▶ **Records for the exercise**
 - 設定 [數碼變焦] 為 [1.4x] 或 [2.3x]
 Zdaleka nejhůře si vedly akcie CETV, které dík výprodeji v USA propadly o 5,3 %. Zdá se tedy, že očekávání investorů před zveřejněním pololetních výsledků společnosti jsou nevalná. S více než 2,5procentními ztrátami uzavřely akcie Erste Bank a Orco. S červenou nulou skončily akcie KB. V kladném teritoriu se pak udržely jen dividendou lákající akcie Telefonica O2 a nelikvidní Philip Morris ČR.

--

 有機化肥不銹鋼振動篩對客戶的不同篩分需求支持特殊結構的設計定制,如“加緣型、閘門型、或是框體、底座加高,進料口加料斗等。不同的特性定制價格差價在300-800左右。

==

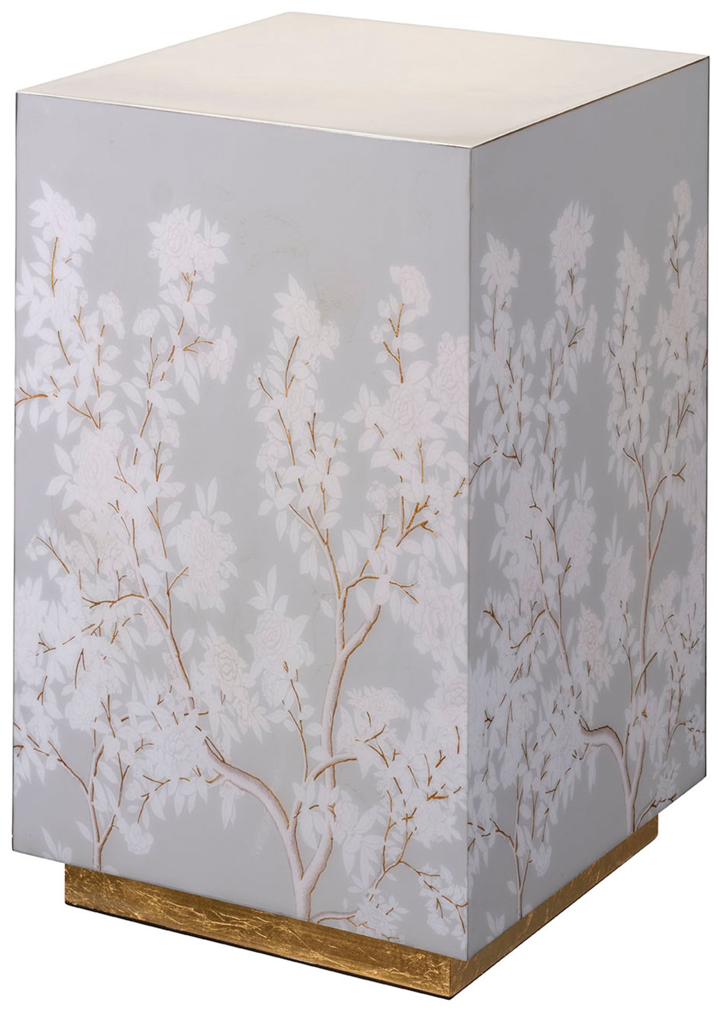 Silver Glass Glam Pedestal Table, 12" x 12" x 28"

▶ **Required action**
Copy out the lines above exactly, beginning at the one that contains "- 設定 [數碼變焦] 為 [1.4x] 或 [2.3x]" and ending at the one that contains "Zdaleka nejhůře si".

▶ **Output for this exercise**
 - 設定 [數碼變焦] 為 [1.4x] 或 [2.3x]
 Zdaleka nejhůře si vedly akcie CETV, které dík výprodeji v USA propadly o 5,3 %. Zdá se tedy, že očekávání investorů před zveřejněním pololetních výsledků společnosti jsou nevalná. S více než 2,5procentními ztrátami uzavřely akcie Erste Bank a Orco. S červenou nulou skončily akcie KB. V kladném teritoriu se pak udržely jen dividendou lákající akcie Telefonica O2 a nelikvidní Philip Morris ČR.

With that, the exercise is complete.